REQUIREMENT:
Before you finish, make sure every line below has been written out exactly.

INPUT:
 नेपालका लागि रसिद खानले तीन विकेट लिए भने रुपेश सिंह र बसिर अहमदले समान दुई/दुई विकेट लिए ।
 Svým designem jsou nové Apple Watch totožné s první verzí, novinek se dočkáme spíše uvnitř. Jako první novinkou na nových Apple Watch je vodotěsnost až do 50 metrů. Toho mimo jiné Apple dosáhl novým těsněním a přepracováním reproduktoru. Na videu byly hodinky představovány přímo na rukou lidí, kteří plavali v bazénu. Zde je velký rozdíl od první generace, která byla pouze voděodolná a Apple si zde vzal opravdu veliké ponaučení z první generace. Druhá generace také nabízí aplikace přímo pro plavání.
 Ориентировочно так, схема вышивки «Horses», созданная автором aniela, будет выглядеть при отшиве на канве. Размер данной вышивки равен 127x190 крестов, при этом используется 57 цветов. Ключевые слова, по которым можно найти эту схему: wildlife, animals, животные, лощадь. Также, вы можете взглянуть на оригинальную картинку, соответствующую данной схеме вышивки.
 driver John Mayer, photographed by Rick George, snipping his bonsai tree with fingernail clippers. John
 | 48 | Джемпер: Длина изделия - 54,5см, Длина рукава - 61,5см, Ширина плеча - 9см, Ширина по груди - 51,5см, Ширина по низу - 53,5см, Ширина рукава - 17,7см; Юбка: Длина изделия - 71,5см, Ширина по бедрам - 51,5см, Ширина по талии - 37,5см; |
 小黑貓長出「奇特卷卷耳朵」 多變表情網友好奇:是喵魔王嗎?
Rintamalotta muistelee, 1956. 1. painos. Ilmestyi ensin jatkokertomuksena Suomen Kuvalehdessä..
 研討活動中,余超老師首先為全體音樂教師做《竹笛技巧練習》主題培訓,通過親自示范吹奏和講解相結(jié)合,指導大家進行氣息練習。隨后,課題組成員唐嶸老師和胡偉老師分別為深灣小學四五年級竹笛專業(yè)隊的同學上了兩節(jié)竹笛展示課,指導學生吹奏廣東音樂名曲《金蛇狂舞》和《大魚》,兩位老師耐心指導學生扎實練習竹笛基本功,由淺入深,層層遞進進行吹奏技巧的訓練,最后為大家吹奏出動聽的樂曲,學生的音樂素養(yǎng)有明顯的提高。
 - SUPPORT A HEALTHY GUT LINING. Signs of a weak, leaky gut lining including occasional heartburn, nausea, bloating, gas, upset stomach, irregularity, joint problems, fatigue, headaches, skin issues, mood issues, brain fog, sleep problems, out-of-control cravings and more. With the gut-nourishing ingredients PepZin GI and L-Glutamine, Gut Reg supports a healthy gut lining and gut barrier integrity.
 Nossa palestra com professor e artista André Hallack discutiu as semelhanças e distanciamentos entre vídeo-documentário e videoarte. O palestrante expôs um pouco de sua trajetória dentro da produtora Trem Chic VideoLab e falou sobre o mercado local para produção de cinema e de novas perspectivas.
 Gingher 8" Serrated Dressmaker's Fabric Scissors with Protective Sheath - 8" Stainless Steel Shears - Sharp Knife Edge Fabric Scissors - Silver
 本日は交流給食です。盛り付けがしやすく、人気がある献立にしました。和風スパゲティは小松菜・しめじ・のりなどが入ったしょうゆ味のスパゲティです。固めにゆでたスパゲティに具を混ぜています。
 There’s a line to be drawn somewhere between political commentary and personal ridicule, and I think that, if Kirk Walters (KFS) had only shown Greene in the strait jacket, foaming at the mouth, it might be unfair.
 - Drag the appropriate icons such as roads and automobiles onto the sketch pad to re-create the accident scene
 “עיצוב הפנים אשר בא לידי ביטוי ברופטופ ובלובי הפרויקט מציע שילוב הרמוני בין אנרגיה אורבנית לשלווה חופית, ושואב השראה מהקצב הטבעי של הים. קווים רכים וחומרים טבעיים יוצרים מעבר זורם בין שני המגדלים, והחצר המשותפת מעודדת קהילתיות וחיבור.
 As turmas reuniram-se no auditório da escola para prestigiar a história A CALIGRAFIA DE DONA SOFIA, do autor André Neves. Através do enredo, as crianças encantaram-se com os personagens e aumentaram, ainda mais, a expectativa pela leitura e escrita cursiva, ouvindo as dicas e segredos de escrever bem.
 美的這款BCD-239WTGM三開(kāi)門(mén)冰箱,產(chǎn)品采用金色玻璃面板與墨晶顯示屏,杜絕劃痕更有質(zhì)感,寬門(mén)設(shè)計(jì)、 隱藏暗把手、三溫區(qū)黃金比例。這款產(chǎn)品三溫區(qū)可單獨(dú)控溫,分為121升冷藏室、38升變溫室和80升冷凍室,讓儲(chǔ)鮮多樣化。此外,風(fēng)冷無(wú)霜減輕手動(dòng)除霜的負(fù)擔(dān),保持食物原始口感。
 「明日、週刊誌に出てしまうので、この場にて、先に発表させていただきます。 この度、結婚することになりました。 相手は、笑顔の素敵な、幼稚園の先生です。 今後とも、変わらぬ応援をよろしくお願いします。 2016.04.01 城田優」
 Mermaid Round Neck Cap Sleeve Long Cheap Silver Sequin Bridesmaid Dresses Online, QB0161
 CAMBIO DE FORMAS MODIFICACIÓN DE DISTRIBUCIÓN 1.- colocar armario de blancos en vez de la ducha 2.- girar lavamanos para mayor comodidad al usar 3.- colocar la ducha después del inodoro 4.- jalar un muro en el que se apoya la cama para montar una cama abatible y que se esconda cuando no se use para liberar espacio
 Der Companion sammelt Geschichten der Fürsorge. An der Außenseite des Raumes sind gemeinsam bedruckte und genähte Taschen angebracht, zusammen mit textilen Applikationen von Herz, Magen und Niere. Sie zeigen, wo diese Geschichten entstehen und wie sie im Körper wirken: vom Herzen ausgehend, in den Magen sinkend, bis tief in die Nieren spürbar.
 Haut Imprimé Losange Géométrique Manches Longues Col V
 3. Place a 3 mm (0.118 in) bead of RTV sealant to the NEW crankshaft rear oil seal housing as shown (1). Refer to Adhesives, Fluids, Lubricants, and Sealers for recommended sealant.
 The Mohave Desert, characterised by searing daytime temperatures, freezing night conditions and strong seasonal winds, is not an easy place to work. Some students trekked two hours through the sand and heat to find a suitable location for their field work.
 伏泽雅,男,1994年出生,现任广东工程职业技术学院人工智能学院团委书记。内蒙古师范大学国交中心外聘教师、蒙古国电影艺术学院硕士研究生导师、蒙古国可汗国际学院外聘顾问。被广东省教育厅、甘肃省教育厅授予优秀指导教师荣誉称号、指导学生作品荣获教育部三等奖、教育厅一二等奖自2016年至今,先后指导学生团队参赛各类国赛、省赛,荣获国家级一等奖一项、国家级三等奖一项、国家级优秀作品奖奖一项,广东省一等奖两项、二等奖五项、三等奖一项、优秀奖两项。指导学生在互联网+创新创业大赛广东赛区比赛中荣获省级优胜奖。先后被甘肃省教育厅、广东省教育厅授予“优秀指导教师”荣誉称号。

TASK OUTPUT:
 नेपालका लागि रसिद खानले तीन विकेट लिए भने रुपेश सिंह र बसिर अहमदले समान दुई/दुई विकेट लिए ।
 Svým designem jsou nové Apple Watch totožné s první verzí, novinek se dočkáme spíše uvnitř. Jako první novinkou na nových Apple Watch je vodotěsnost až do 50 metrů. Toho mimo jiné Apple dosáhl novým těsněním a přepracováním reproduktoru. Na videu byly hodinky představovány přímo na rukou lidí, kteří plavali v bazénu. Zde je velký rozdíl od první generace, která byla pouze voděodolná a Apple si zde vzal opravdu veliké ponaučení z první generace. Druhá generace také nabízí aplikace přímo pro plavání.
 Ориентировочно так, схема вышивки «Horses», созданная автором aniela, будет выглядеть при отшиве на канве. Размер данной вышивки равен 127x190 крестов, при этом используется 57 цветов. Ключевые слова, по которым можно найти эту схему: wildlife, animals, животные, лощадь. Также, вы можете взглянуть на оригинальную картинку, соответствующую данной схеме вышивки.
 driver John Mayer, photographed by Rick George, snipping his bonsai tree with fingernail clippers. John
 | 48 | Джемпер: Длина изделия - 54,5см, Длина рукава - 61,5см, Ширина плеча - 9см, Ширина по груди - 51,5см, Ширина по низу - 53,5см, Ширина рукава - 17,7см; Юбка: Длина изделия - 71,5см, Ширина по бедрам - 51,5см, Ширина по талии - 37,5см; |
 小黑貓長出「奇特卷卷耳朵」 多變表情網友好奇:是喵魔王嗎?
Rintamalotta muistelee, 1956. 1. painos. Ilmestyi ensin jatkokertomuksena Suomen Kuvalehdessä..
 研討活動中,余超老師首先為全體音樂教師做《竹笛技巧練習》主題培訓,通過親自示范吹奏和講解相結(jié)合,指導大家進行氣息練習。隨后,課題組成員唐嶸老師和胡偉老師分別為深灣小學四五年級竹笛專業(yè)隊的同學上了兩節(jié)竹笛展示課,指導學生吹奏廣東音樂名曲《金蛇狂舞》和《大魚》,兩位老師耐心指導學生扎實練習竹笛基本功,由淺入深,層層遞進進行吹奏技巧的訓練,最后為大家吹奏出動聽的樂曲,學生的音樂素養(yǎng)有明顯的提高。
 - SUPPORT A HEALTHY GUT LINING. Signs of a weak, leaky gut lining including occasional heartburn, nausea, bloating, gas, upset stomach, irregularity, joint problems, fatigue, headaches, skin issues, mood issues, brain fog, sleep problems, out-of-control cravings and more. With the gut-nourishing ingredients PepZin GI and L-Glutamine, Gut Reg supports a healthy gut lining and gut barrier integrity.
 Nossa palestra com professor e artista André Hallack discutiu as semelhanças e distanciamentos entre vídeo-documentário e videoarte. O palestrante expôs um pouco de sua trajetória dentro da produtora Trem Chic VideoLab e falou sobre o mercado local para produção de cinema e de novas perspectivas.
 Gingher 8" Serrated Dressmaker's Fabric Scissors with Protective Sheath - 8" Stainless Steel Shears - Sharp Knife Edge Fabric Scissors - Silver
 本日は交流給食です。盛り付けがしやすく、人気がある献立にしました。和風スパゲティは小松菜・しめじ・のりなどが入ったしょうゆ味のスパゲティです。固めにゆでたスパゲティに具を混ぜています。
 There’s a line to be drawn somewhere between political commentary and personal ridicule, and I think that, if Kirk Walters (KFS) had only shown Greene in the strait jacket, foaming at the mouth, it might be unfair.
 - Drag the appropriate icons such as roads and automobiles onto the sketch pad to re-create the accident scene
 “עיצוב הפנים אשר בא לידי ביטוי ברופטופ ובלובי הפרויקט מציע שילוב הרמוני בין אנרגיה אורבנית לשלווה חופית, ושואב השראה מהקצב הטבעי של הים. קווים רכים וחומרים טבעיים יוצרים מעבר זורם בין שני המגדלים, והחצר המשותפת מעודדת קהילתיות וחיבור.
 As turmas reuniram-se no auditório da escola para prestigiar a história A CALIGRAFIA DE DONA SOFIA, do autor André Neves. Através do enredo, as crianças encantaram-se com os personagens e aumentaram, ainda mais, a expectativa pela leitura e escrita cursiva, ouvindo as dicas e segredos de escrever bem.
 美的這款BCD-239WTGM三開(kāi)門(mén)冰箱,產(chǎn)品采用金色玻璃面板與墨晶顯示屏,杜絕劃痕更有質(zhì)感,寬門(mén)設(shè)計(jì)、 隱藏暗把手、三溫區(qū)黃金比例。這款產(chǎn)品三溫區(qū)可單獨(dú)控溫,分為121升冷藏室、38升變溫室和80升冷凍室,讓儲(chǔ)鮮多樣化。此外,風(fēng)冷無(wú)霜減輕手動(dòng)除霜的負(fù)擔(dān),保持食物原始口感。
 「明日、週刊誌に出てしまうので、この場にて、先に発表させていただきます。 この度、結婚することになりました。 相手は、笑顔の素敵な、幼稚園の先生です。 今後とも、変わらぬ応援をよろしくお願いします。 2016.04.01 城田優」
 Mermaid Round Neck Cap Sleeve Long Cheap Silver Sequin Bridesmaid Dresses Online, QB0161
 CAMBIO DE FORMAS MODIFICACIÓN DE DISTRIBUCIÓN 1.- colocar armario de blancos en vez de la ducha 2.- girar lavamanos para mayor comodidad al usar 3.- colocar la ducha después del inodoro 4.- jalar un muro en el que se apoya la cama para montar una cama abatible y que se esconda cuando no se use para liberar espacio
 Der Companion sammelt Geschichten der Fürsorge. An der Außenseite des Raumes sind gemeinsam bedruckte und genähte Taschen angebracht, zusammen mit textilen Applikationen von Herz, Magen und Niere. Sie zeigen, wo diese Geschichten entstehen und wie sie im Körper wirken: vom Herzen ausgehend, in den Magen sinkend, bis tief in die Nieren spürbar.
 Haut Imprimé Losange Géométrique Manches Longues Col V
 3. Place a 3 mm (0.118 in) bead of RTV sealant to the NEW crankshaft rear oil seal housing as shown (1). Refer to Adhesives, Fluids, Lubricants, and Sealers for recommended sealant.
 The Mohave Desert, characterised by searing daytime temperatures, freezing night conditions and strong seasonal winds, is not an easy place to work. Some students trekked two hours through the sand and heat to find a suitable location for their field work.
 伏泽雅,男,1994年出生,现任广东工程职业技术学院人工智能学院团委书记。内蒙古师范大学国交中心外聘教师、蒙古国电影艺术学院硕士研究生导师、蒙古国可汗国际学院外聘顾问。被广东省教育厅、甘肃省教育厅授予优秀指导教师荣誉称号、指导学生作品荣获教育部三等奖、教育厅一二等奖自2016年至今,先后指导学生团队参赛各类国赛、省赛,荣获国家级一等奖一项、国家级三等奖一项、国家级优秀作品奖奖一项,广东省一等奖两项、二等奖五项、三等奖一项、优秀奖两项。指导学生在互联网+创新创业大赛广东赛区比赛中荣获省级优胜奖。先后被甘肃省教育厅、广东省教育厅授予“优秀指导教师”荣誉称号。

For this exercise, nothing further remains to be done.